What the task requires -
What you output must be the exact lines from the first line of the data through the one holding "충남 아산시는 5일 지역내", with no pictures.

(Dataset excerpts)
Start of Block

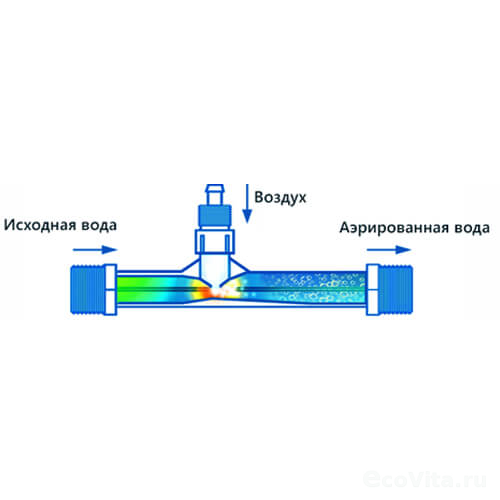 В насыщенной кислородом воде растворенное двухвалентное железо эффективно окисляется и выпадает в осадок, который затем задерживается фильтром для обезжелезивания воды. Помимо этого устраняются неприятные запахи и привкус, так как кислород активно вытесняет из воды углекислый газ, сероводород, метан и аммиак.
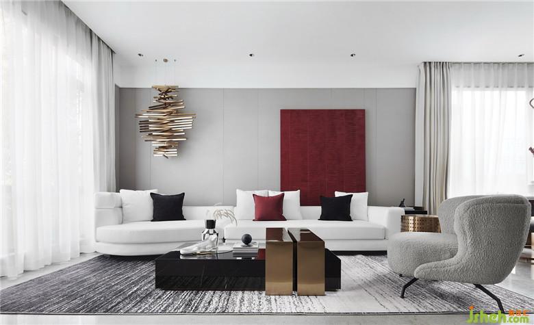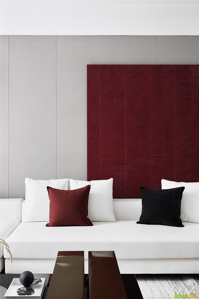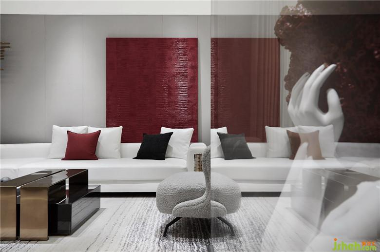 濃烈的紅以不同的材質(zhì)導(dǎo)入,貫穿于客餐廳的不同塊面,不同灰度的黑與白,用肌理感強(qiáng)烈的棉麻、絨布材質(zhì)間序其中,金屬的光澤以線條的形式介入。
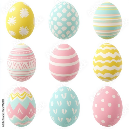 © Spot Decor, Fototapeta premium Pastel Colored Easter Eggs with Patterns, Easter , Eggs
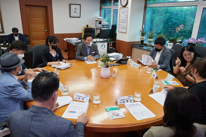충남 아산시는 5일 지역내 장애인단체 대표 10인과 간담회를 진행했다. 이날 간담회는 박경귀 시장의 주요 공약 중 하나인 ‘장애인이 살기 좋은 무장애 도시 아산 만들기’ 정책 추진을 위해 정책 당사자들의 목소리를 청취하기 위해 마련됐다. 사진은 간담회에서 박 시장(가운데)과 장애인단체 대표들이 대화를 하고 있는 모습. (사진제공=아산시청)
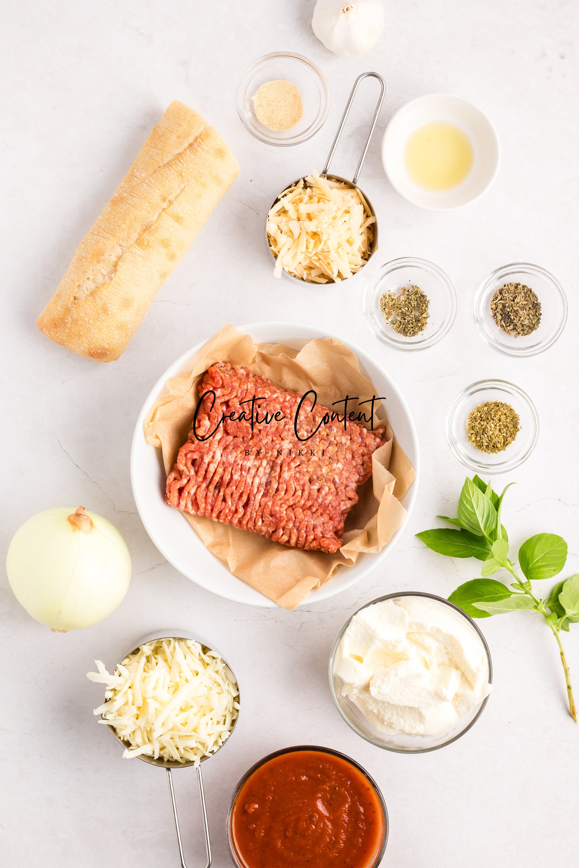 - Featured Ingredients; baguette, avocado oil, seasonings, Italian sausage, yellow onion, garlic cloves, marinara sauce, ricotta cheese, mozzarella cheese, parmesan cheese, and basil leaves.
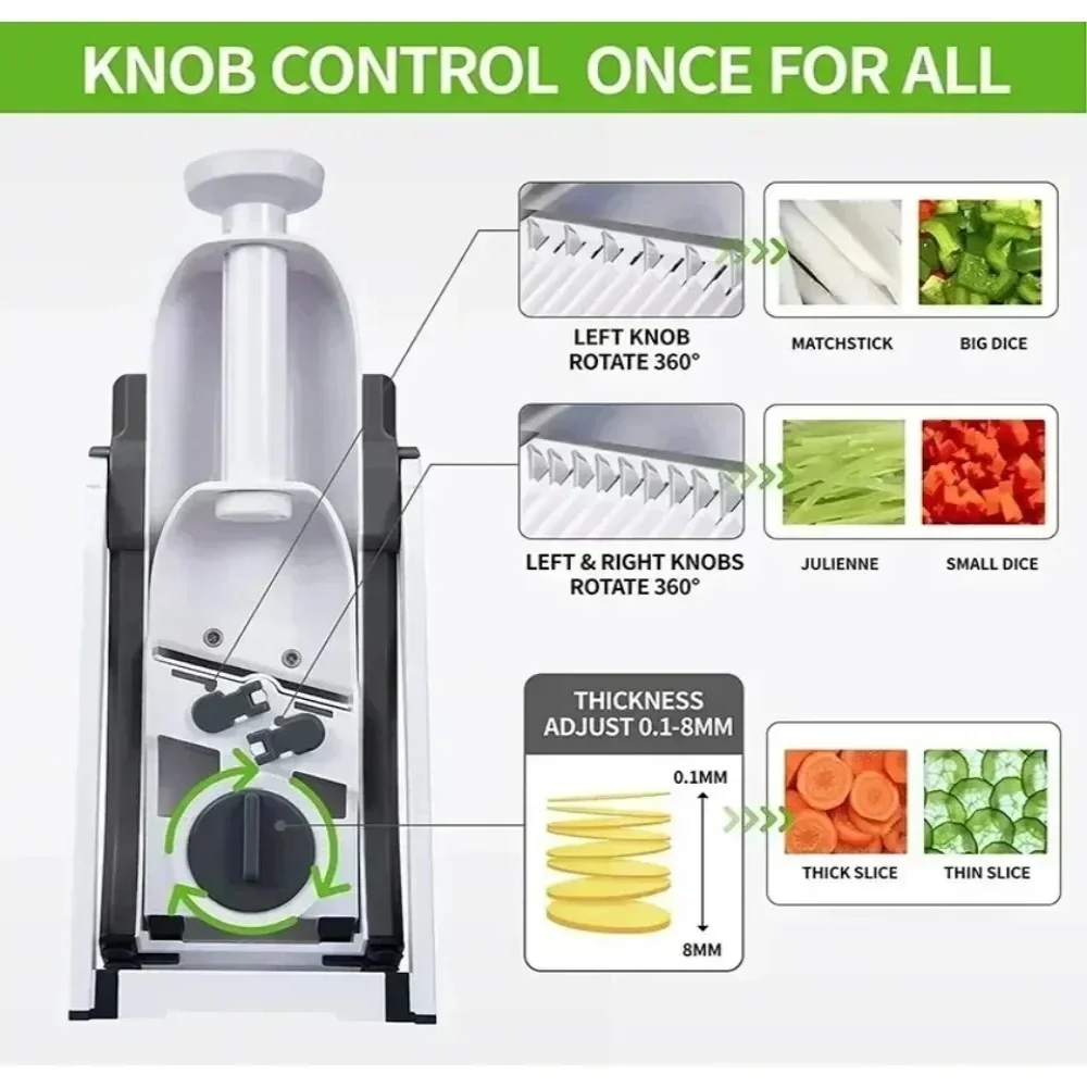 O fatiador manual multifuncional ajustável é um utensílio de cozinha projetado para facilitar a preparação de alimentos de forma prática e eficiente. Fabricação em materiais como aço inoxidável e plástico resistente garantem durabilidade e resistência ao desgaste, tornando-o ideal para uso diário em diversas condições culinárias.
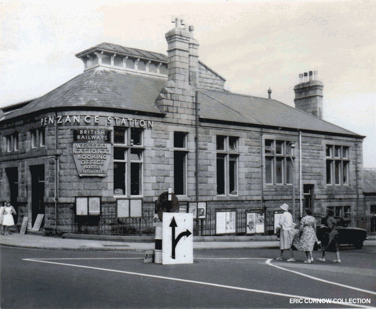 Western National’s advertisement has now been joined by a stove-enameled British Railways sign and illuminated ‘Penzance Station’ lettering on the corner of the building. A revised traffic system is being trialed. 6####AO01-PNZ-S_BLG-VI_NE
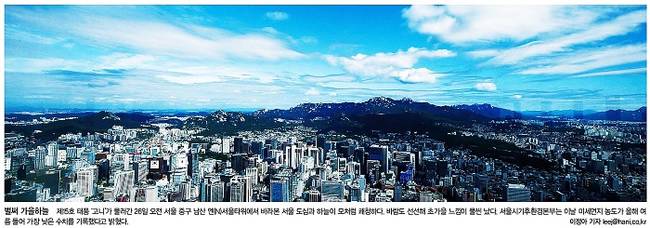 제15호 태풍 ‘고니’가 물러간 하늘이 쾌청해졌다. 한겨레는 ‘고니’가 물러간 26일 오전 서울 중구 남산 엔(N)서울타워에서 바라본 서울 도심과 하늘의 모습을 1면 사진으로 담았다. 한겨레는 “바람도 선선해 초가을 느낌이 물씬 났다”며 “서울시기후환경본부는 이날 미세먼지 농도가 올해 여름 들어 가장 낮은 수치를 기록했다고 밝혔다”고 전했다.

End of Block

Solution -
 В насыщенной кислородом воде растворенное двухвалентное железо эффективно окисляется и выпадает в осадок, который затем задерживается фильтром для обезжелезивания воды. Помимо этого устраняются неприятные запахи и привкус, так как кислород активно вытесняет из воды углекислый газ, сероводород, метан и аммиак.
 濃烈的紅以不同的材質(zhì)導(dǎo)入,貫穿于客餐廳的不同塊面,不同灰度的黑與白,用肌理感強(qiáng)烈的棉麻、絨布材質(zhì)間序其中,金屬的光澤以線條的形式介入。
 © Spot Decor, Fototapeta premium Pastel Colored Easter Eggs with Patterns, Easter , Eggs
충남 아산시는 5일 지역내 장애인단체 대표 10인과 간담회를 진행했다. 이날 간담회는 박경귀 시장의 주요 공약 중 하나인 ‘장애인이 살기 좋은 무장애 도시 아산 만들기’ 정책 추진을 위해 정책 당사자들의 목소리를 청취하기 위해 마련됐다. 사진은 간담회에서 박 시장(가운데)과 장애인단체 대표들이 대화를 하고 있는 모습. (사진제공=아산시청)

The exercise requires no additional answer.